Bitcoin Supply Crunch: Firms Buy 4× Miners’ Daily Output

A new report highlights a growing bitcoin supply crunch as institutional buyers surge past miner output. Data from River shows that in early 2025, publicly traded treasury firms and private businesses acquired about 1,755 BTC per day, while ETFs and other vehicles added roughly 1,430 BTC daily. Institutional demand now totals over 3,000 BTC each day, far exceeding miners’ steady output of around 450 BTC. Corporate holdings have surpassed 1 million BTC, led by MicroStrategy’s 632,457 BTC. This dynamic creates a potential bitcoin supply shortage, or “synthetic halving,” as large stakeholders lock coins away long term. Although many purchases occur OTC to limit price impact, thinning exchange reserves heighten the risk of volatility. Traders should watch stretched liquidity, which could fuel bullish momentum but also trigger sharp swings if flows reverse.
Bullish
This development is categorized as bullish because a sustained supply-demand imbalance typically supports upward price pressure.

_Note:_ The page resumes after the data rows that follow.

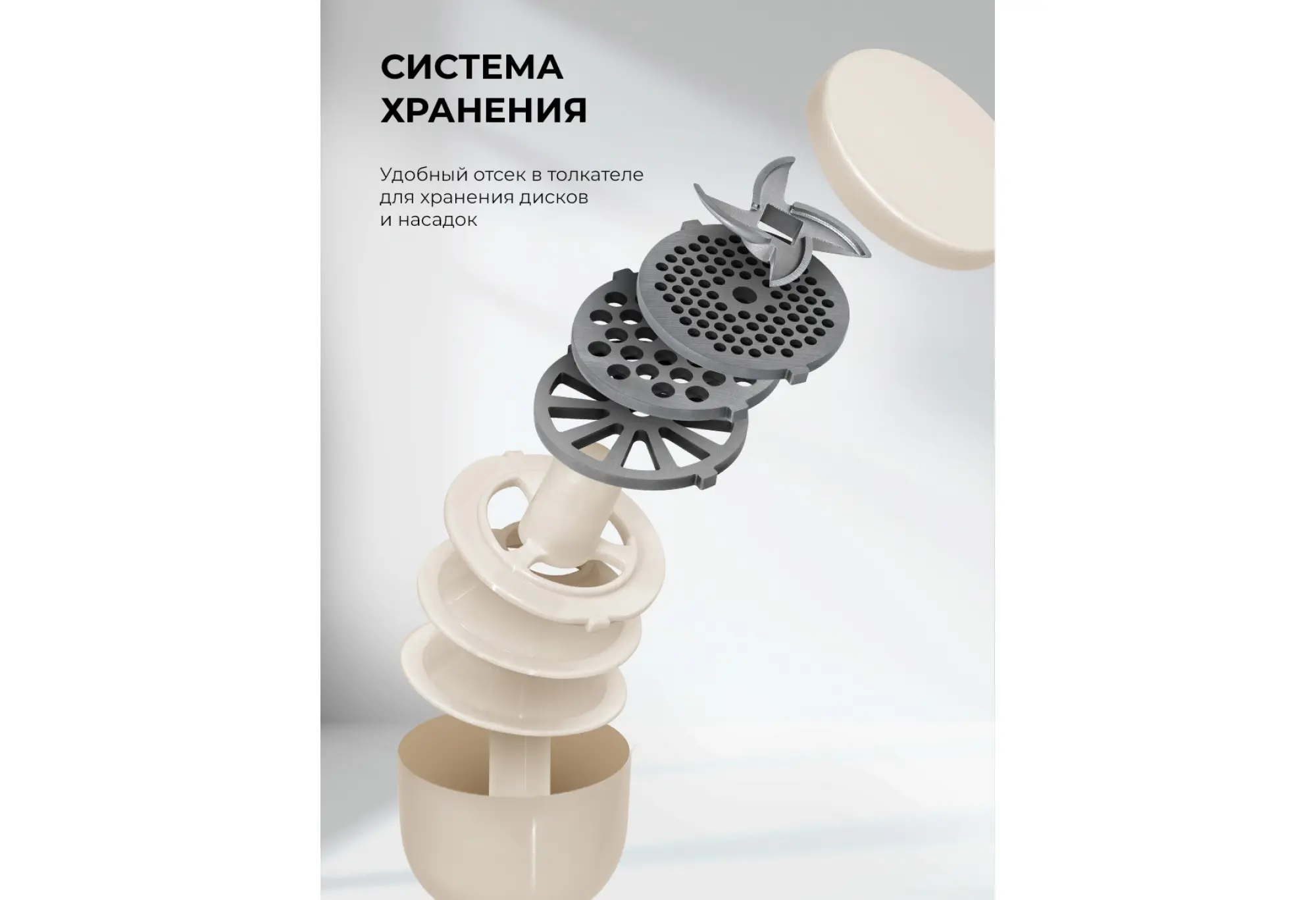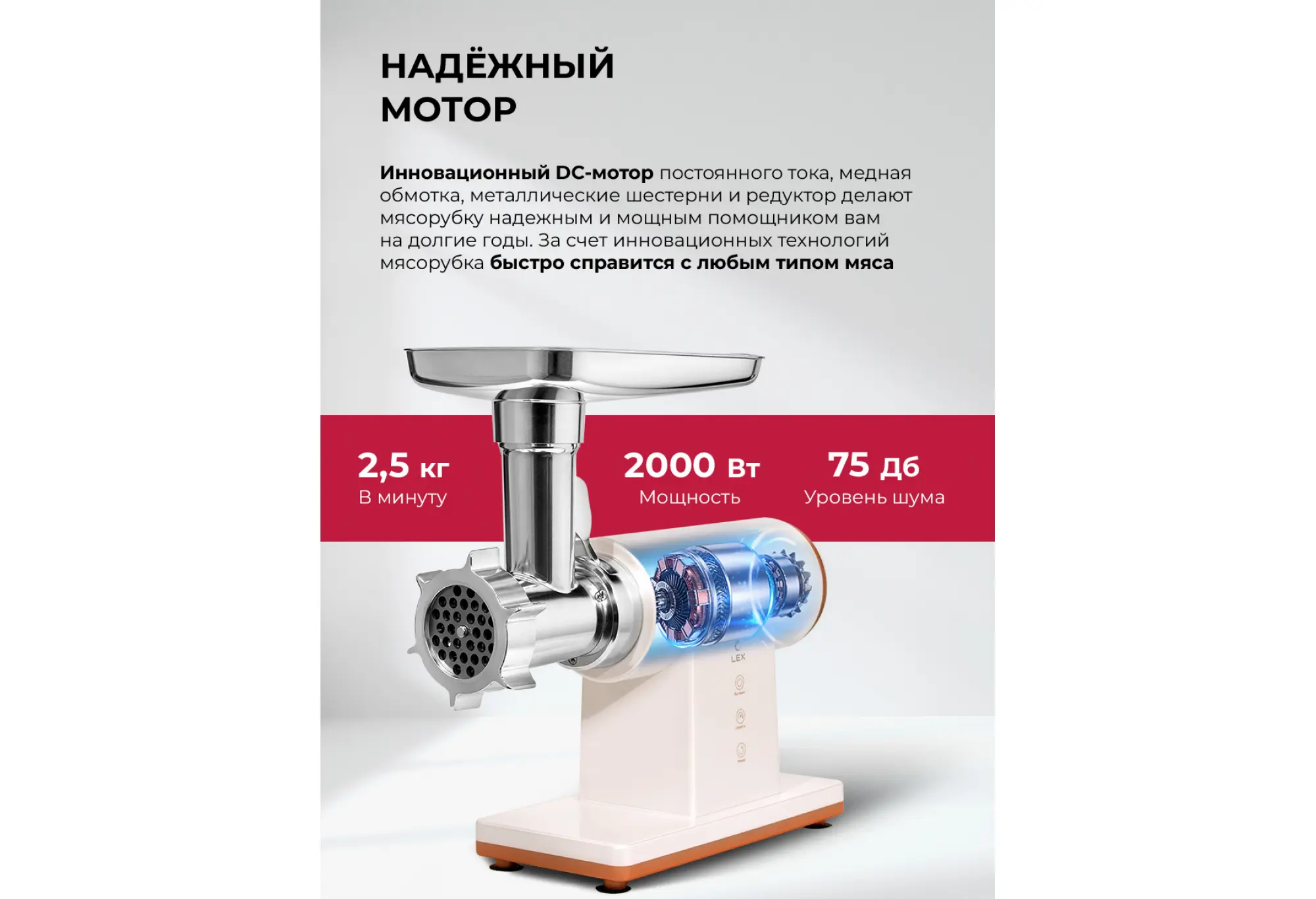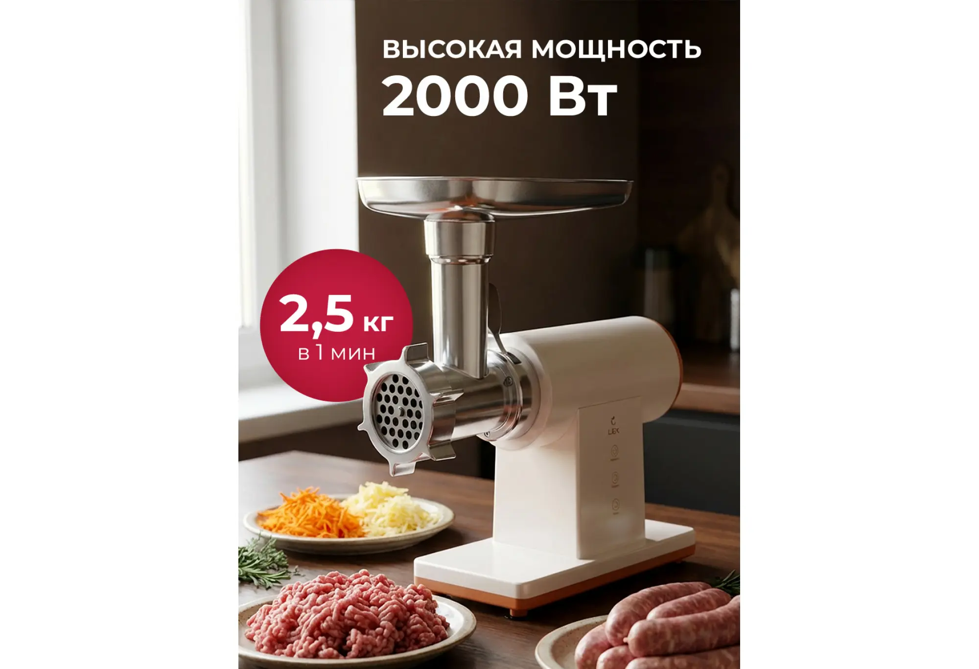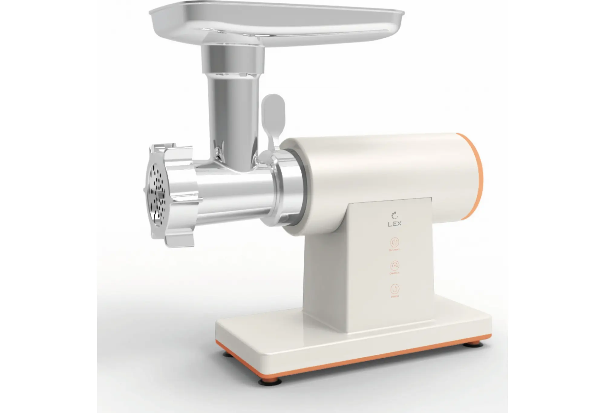 LEX LX4003 PRO – функциональная и продуманная мясорубка для тех, кто часто готовит дома и ценит удобство. Мощность до 2000 Вт позволяет перерабатывать до 2,5 кг продукта в минуту, что подходит как для повседневных блюд, так и для заготовок. Корпус в жемчужно-белом и коралловом цвете аккуратно вписывается в современный кухонный интерьер и не перегружает пространство.
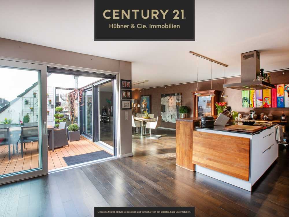 Das Herzstück dieser Wohnung ist der wirklich imposante, offene Wohn- und Essbereich, der sich über ca. 90m² erstreckt. Große, bodentiefe Fensterfronten sorgen für viel Helligkeit und ermöglichen einen Blick hinunter in die Fußgängerzone. Die in den offenen Wohnbereich integrierte moderne, voll ausgestattete Küche wird Sie gewiss begeistern und keine Wünsche offen lassen. Von der stilvollen Kochinsel mit dem langem Tresen, der genügend Platz für Ihre Gäste bietet, bis zum großen Kochfeld, den hochwertigen Einbaugeräten und dem integrierten Weinkühlschrank bietet sie Ihnen außerdem auch reichlich Stauraum. Diese Küche ist wahrlich ein Traum für jeden Hobby- und Profikoch. Ein weiteres Highlight ist hier auch die innenliegende, separate Dachterrasse, die Sie vom Wohnbereich aus betreten. Hier lassen sich gemütliche, ruhige Stunden im Freien genießen. Ein modernes Gäste-WC wird nicht nur Ihren Gästen gefallen.
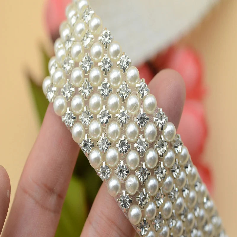 Kristalle AB Perlenbesatz Applikation zum Aufbügeln auf Kleidung, Kleider, Basteln, 3-reihig, 6-reihig, 1 Meter
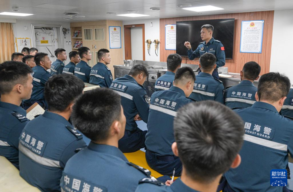 在巡航值守于中国南沙群岛仁爱礁海域的华阳舰上,海警执法员在上思想教育课(4月30日摄)。新华社记者 蒲晓旭 摄
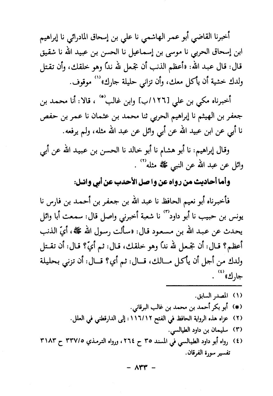 فَأَخْبَرَنَاهُ أَبُو نُعَيْمٍ الْحَافِظُ، نَا عبد الله بن جعفر بن أَحْمَدَ بْنِ فَارِسٍ، نا يُونُسُ بْنُ حَبِيبٍ، نا أَبُو دَاوُدَ4، نا شُعْبَةُ، أَخْبَرَنِي وَاصِلٌ قَالَ: سَمِعْتُ أَبَا وَائِلٍ يُحَدِّثُ عَنْ عبد الله بن مسعود قال: "سَأَلْتُ رَسُولَ اللَّهِ صَلَّى اللَّهُ عَلَيْهِ وَسَلَّمَ؛ أَيُّ الذَّنْبِ أَعْظَمُ؟ قَالَ: أَنْ تَجْعَلَ لِلَّهِ نِدًّا وَهُوَ خَلَقَكَ، قَالَ: ثُمَّ أَيٌّ" قَالَ: أَنْ تَقْتُلَ وَلَدَكَ مِنْ أجل أن يأكل مالك، قَالَ: ثُمَّ أَيٌّ؟ قَالَ: أَنْ تزني بحليلة جارك" 5.
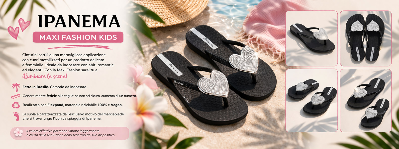 Le Ipanema Maxi Fashion Kids sono il perfetto equilibrio tra stile e comfort, pensate per le bambine che amano un look delicato e raffinato. I cinturini sottili valorizzano il piede, mentre l’applicazione con cuori metallizzati aggiunge un tocco luminoso e glamour, ideale per completare outfit eleganti e romantici.
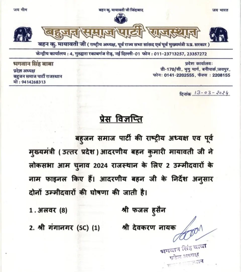 राजस्थान: लोकसभा चुनाव 2024 के लिए बसपा ने अपने उम्मीदवारों की घोषणा की, जानिए किन्हें किस सीट से उतारा
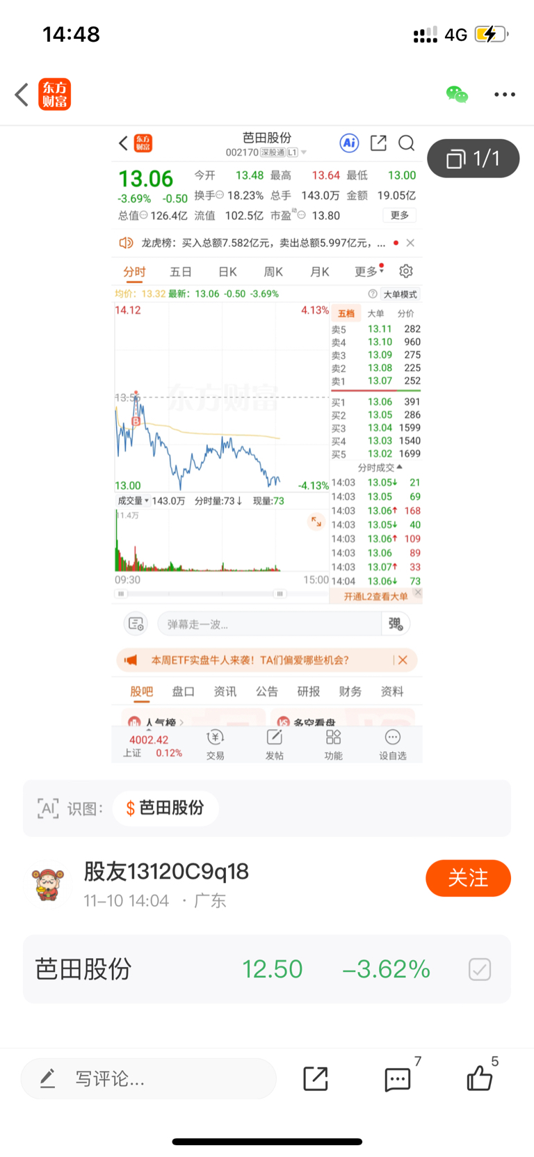 $芭田股份(SZ002170)$ 又一个追高了满嘴吐米共的SB。10不买13买,买了来我帖子下面朝圣,笑死人。

Institutional buyers are locking away more than 3,000 BTC daily—over four times miners’ output—creating a real bitcoin supply shortage. Historically, reduced available supply around protocol halvings and major accumulation phases has coincided with significant price rallies, such as those in 2016–2017 and 2020–2021. Although OTC purchases can dampen immediate market impact, falling exchange reserves reduce liquidity and make prices more sensitive to order flow. In the short term, traders may see accelerated bullish breaks on dwindling supply; in the medium to long term, this structural shortage underpins a higher price floor. However, thin liquidity also raises the risk of sharp pullbacks if large holders unwind positions, so market participants should prepare for heightened volatility.